|Abstract:||The performance of statistical language modeling retrieval is directly determined by the estimation of document model £D, query model £Q, and the similarly between those two models. In this thesis, we propose to improve the estimation of £D and £Q through corpus local structures. We also further evaluate the optimality of the similarity measure and examine its variations to achieve better retrieval performance.

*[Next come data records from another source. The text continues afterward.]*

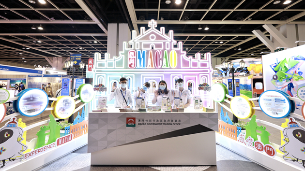 今年澳門展台以「澳門歡迎你 Welcome to Macao」作為主題,以觀眾熟悉的巨型大三巴配以夢幻的LED霓虹燈,勾起觀眾遊澳的美好回憶。接待處則參照全新澳門大賽車博物館的外型設計,兩旁並設有展示澳門新八景的波浪型展板,就像大三巴張開雙臂,再次迎接旅客到訪澳門。而可愛的澳門旅遊吉祥物「麥麥」則以澳門美食迎接大家,宣傳澳門創意城市美食之都。展臺內亦設有多媒體展板,展示澳門最新的入境資訊、旅遊產品及活動、節日盛事等。觀眾除了可以索取旅遊資料外,追蹤社交媒體或下載手機應用程式更有機會獲取紀念品一份。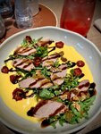Салат с уткой, малиновым кремом и попкорном из гречки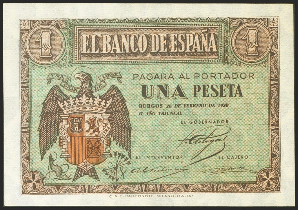 1 Pesetas. February 28, 1938. Series A. (Edifil 2021: 427, Pick: 107a). Unusual in this quality, original sizing. Uncirculated.
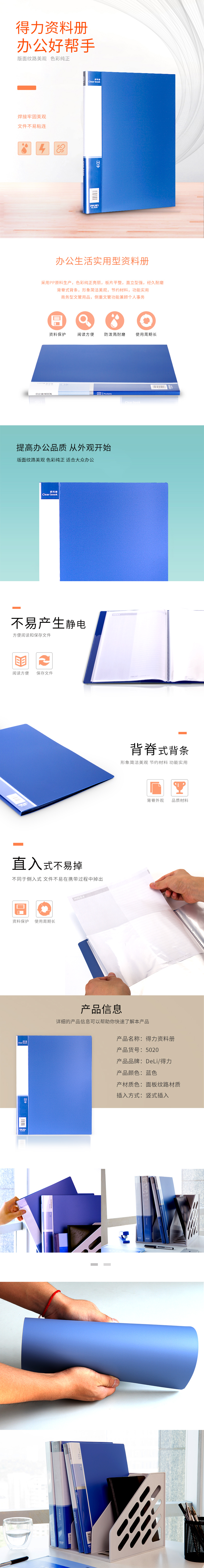 商品标题:得力 5020 资料册 (单位:本) 蓝色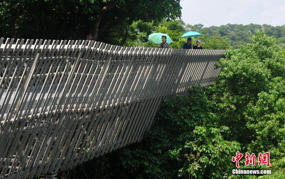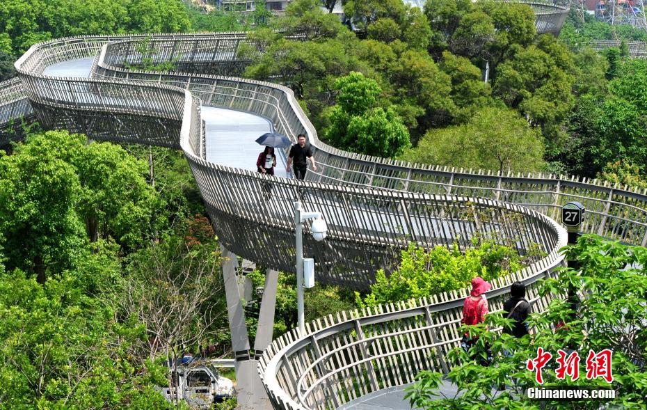 5月4日,市民和游客在福建省福州市的城市绿道——“福道”上漫步。依山势而建的“福道”全线总长约19公里,其钢架镂空的桥面随地势起伏,让民众获得在林间穿梭漫步的体验。图为民众在“福道”上漫步。 张斌 摄

The accuracy of model estimation relies on the size of sampling data. In information retrieval tasks, a typical document model is only obtained from a single document, which is clearly a sample too small to be sufficient for an accurate estimation. In this thesis, we develop a new document expansion technique, which expands the original small sampling space (a single document) into a much larger one (a much larger pseudo document) by constructing a probabilistic neighborhood around the original document. We then propose to estimate document models over the pseudo document, since a much larger sampling space can potential lead to much better model estimation. Our experiment results show that hypothesis that the new estimation outperforms the old estimation on all test collections.
In typical information retrieval tasks, queries are very short and cannot result in solid query model estimation. We traditionally use feedback process to expand queries and this usually leads to much better query model estimation £Q. Many previous pseudo feedback models have been proposed before. However, each of them has to introduce one or more extra parameters to control the feedback process, and therefore they suffer from the parameter sensitivity: The parameter values working well on one collection may perform very badly on others. We observe the reason of such sensitivity is that learning process on feedback documents cannot fully utilize all query information. In this thesis, we therefore propose a new feedback model and an automatic parameter tuning algorithm. The new model integrates feedback documents and queries into a unified framework so that original queries can guide query model learning by gradually collecting relevant information from feedback documents. We develop a new learning EM algorithm, which dynamically changes its model prior to adapt new added information from feedback documents. On this stopping point, we believe the learning process reaches a good balance between information from query side and feedback document side. The new model and its learning algorithm does not require any pre-defined parameter. It automatically learns the parameter by adapting itself to the amount of feedback information added into query models. Experiments show that the new model performs much more robust than other feedback models on our text data sets.
We further study what is the best way to compute the similarity between a query mode and a document model. We propose and study several new similarity functions, and show that certain variations of KL-divergence can improve retrieval accuracy significantly in relevance feedback.
Both query model and document estimation above follows the bag-of-words model, which assumes term independence and totally ignores term locations in a document. In this thesis, we break this assumption by adding query term proximity into ranking functions. In particular, we propose five different features, each of which models proximity from a different prospective. Experiments show that one of such features, Minimum Pairwise Distance (MinDist), is indeed highly correlated with document relevance. However, this feature alone is not sufficient; we need to integrate it into retrieval formulas to form fully functional ones. We therefore follow the heuristic constrain framework to design two heuristics to limit the choice of proximity modeling functions. We then choose one function which satisfy both constraints and develop a new retrieval formula on the top of this function. Experiment results show the effectiveness of this new retrieval formula.
In summary, this thesis studies KL-divergence from different perspectives and proposes several new models to address the existing problems in KL-divergence language models. It results in more effective retrieval models, which should potentially benefit all retrieval applications.